Namun pernyataan para pejabat itu gagal meredam kemarahan publik terkait keberadaan pekerja China di Kirgistan.
'Ketidakpuasan Sosial'
Sentimen anti-China mencerminkan kegelisahan lebih luas tentang jejak ekonomi China yang kian meluas di Kirgistan, kata para analis. Sekitar seperempat dari 873 juta dolar AS investasi asing langsung yang masuk ke negara tersebut pada 2024 berasal dari China.
Masuknya proyek-proyek besar yang didukung China menambah jumlah ribuan pekerja China yang telah bekerja lebih dulu di Kirgistan. Hal itu menyebabkan kekurangan hunian dan kenaikan harga sewa di sejumlah wilayah.
Perusahaan China sering membawa tenaga kerja sendiri, bukan mempekerjakan warga lokal, untuk menyelesaikan proyek infrastruktur-sebuah keluhan utama di kalangan masyarakat.
"Ada persepsi luas bahwa dalam proyek-proyek konstruksi besar-mulai dari staf teknik hingga buruh-mereka membawa orang-orang dari China," ujar analis ekonomi Nurgul Akimova kepada Layanan Kyrgyz dari RFE/RL.
Akimova mengatakan warga China "menyusun porsi signifikan" tenaga kerja di sektor seperti pertambangan dan konstruksi jalan, yang menciptakan kesan di kalangan warga lokal bahwa pekerja asing mengambil pekerjaan mereka.
"Jika masalah pengangguran tetap akut dan tenaga kerja murah dari China terus mengisi pasar, ketidakpuasan sosial akan meningkat," katanya.
Pengacara ternama Nurbek Toktakunov mengatakan kurangnya transparansi pemerintah turut menyuburkan sentimen anti-China.
"Sangat sedikit informasi tentang China-kerja sama seperti apa yang kita miliki, proyek apa yang sedang berjalan," katanya kepada Layanan Kyrgyz.
"Ketika informasi minim dan orang dibungkam saat bersuara, saat itulah xenofobia tumbuh.
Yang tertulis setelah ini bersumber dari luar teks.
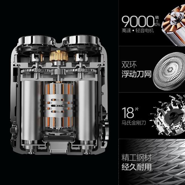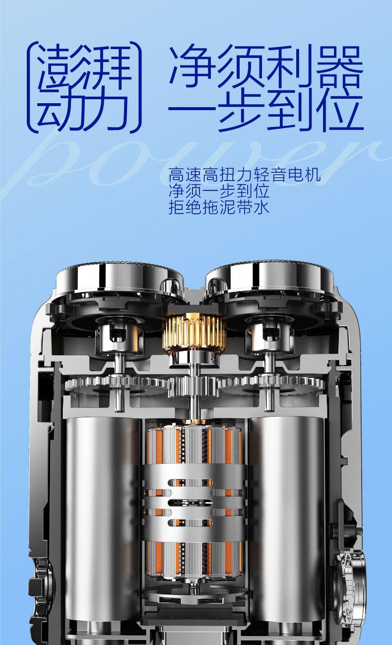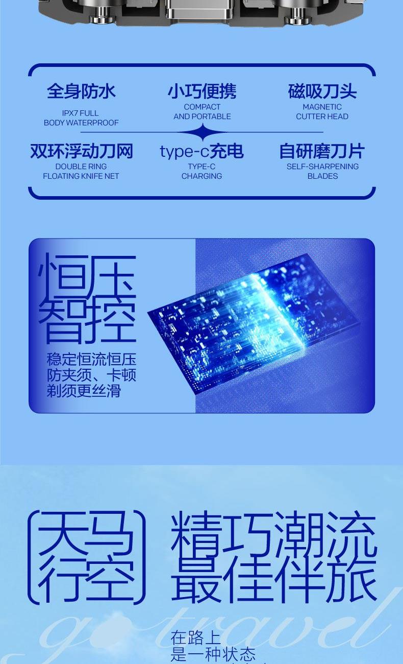 电机转速:9000转/min 刀头材质:精钢 刀头数量:2个 产品尺寸:长53mm;宽28.5mm;高63mm 产品净重:0.1kg 电压:5V 防水等级:IPX7,可全身水洗 充电时间:1小时快充 续航:60天 1、设计轻奢便携,超高颜值; 2、省级双环弧面刀网,3D浮动刀头,智能防夹须; 3、9000转高速静噪电机,够性能才够快; 4、顺滑贴肤,干湿两剃; 5、IPX7级防水等级,可全身水洗;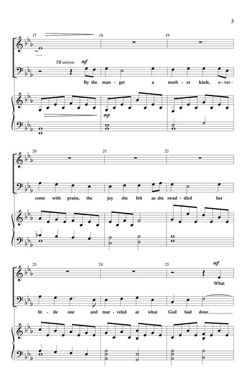 Composer Patricia Mock has teamed with arranger Richard Nichols to create a lovely Christmas anthem. The story begins gently and simply then crescendos steadily into a strong chorus of praise and thanksgiving. The melody line is tender and captivating, cleverly hooking back to the title phrase whether describing the scene or rejoicing in full. Easy to medium.
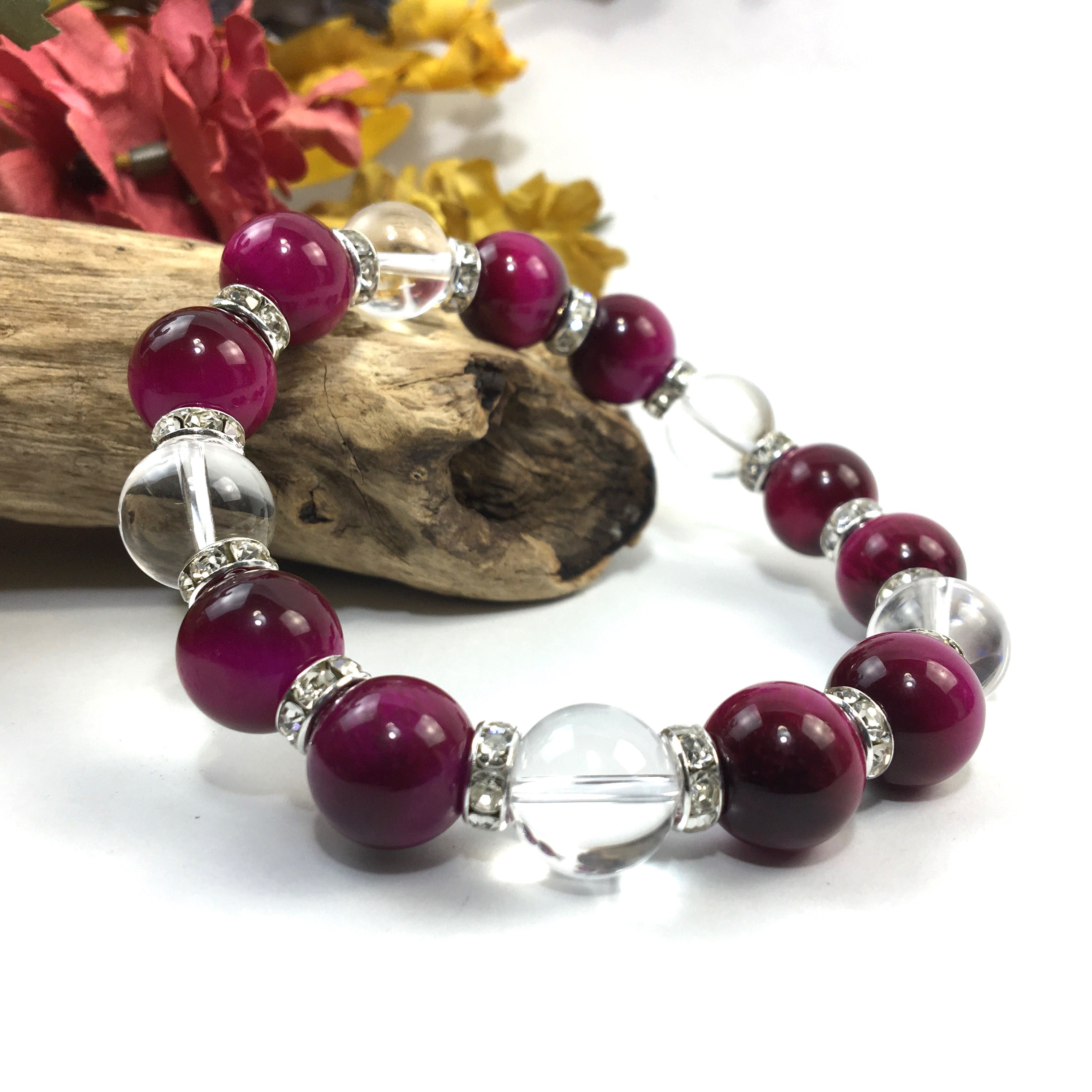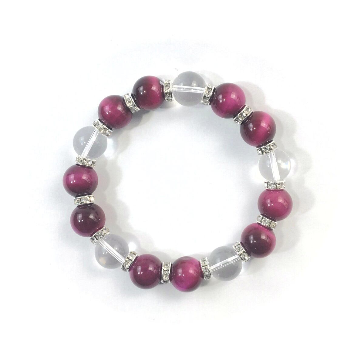 ピンクタイガーアイ&水晶 パワーストーン ブレスレット 12mm (シルバー)メンズ・レディース 男性・女性 数珠ブレス 開運 ☆

Satu-satunya cara melawannya adalah dengan transparansi," lanjut Toktakunov.
Ada pula kemarahan yang lebih luas atas perlakuan China terhadap warga Uyghur dan minoritas Muslim lainnya, termasuk etnis Kazakh, Kyrgyz, Tajik, dan Uzbek, di provinsi Xinjiang. Lebih dari 1 juta orang diyakini menghilang ke dalam jaringan kamp penahanan massal China dalam beberapa tahun terakhir. Namun pemerintah Asia Tengah sebagian besar memilih diam.
Insiden 15 November itu bukanlah titik panas pertama di Kirgistan. Dalam beberapa tahun terakhir, beberapa bentrokan yang melibatkan pekerja China dan proyek yang didanai China juga dilaporkan.
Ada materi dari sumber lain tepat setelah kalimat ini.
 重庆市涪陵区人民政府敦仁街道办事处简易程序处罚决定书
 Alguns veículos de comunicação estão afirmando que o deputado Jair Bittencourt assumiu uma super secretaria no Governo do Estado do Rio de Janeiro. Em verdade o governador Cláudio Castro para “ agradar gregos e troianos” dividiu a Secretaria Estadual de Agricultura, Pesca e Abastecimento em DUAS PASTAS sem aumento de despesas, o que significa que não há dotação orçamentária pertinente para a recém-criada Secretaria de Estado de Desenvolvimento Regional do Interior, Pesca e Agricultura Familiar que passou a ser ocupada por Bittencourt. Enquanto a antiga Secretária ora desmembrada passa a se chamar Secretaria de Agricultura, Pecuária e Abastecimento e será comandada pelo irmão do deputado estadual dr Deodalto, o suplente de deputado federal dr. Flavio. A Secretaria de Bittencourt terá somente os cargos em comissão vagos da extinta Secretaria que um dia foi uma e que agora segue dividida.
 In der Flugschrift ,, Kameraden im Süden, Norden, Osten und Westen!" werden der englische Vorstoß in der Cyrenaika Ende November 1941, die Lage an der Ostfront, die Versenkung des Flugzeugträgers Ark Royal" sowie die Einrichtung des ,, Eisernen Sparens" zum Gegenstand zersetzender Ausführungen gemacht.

Pada 2019, puluhan pekerja China dilarikan ke rumah sakit setelah bentrok dengan warga lokal yang memprotes tambang emas milik investor China di negara tersebut.
Bentrokan yang melibatkan pekerja China juga dilaporkan di negara Asia Tengah lainnya, termasuk Kazakhstan, yang juga pernah menjadi lokasi protes anti-China.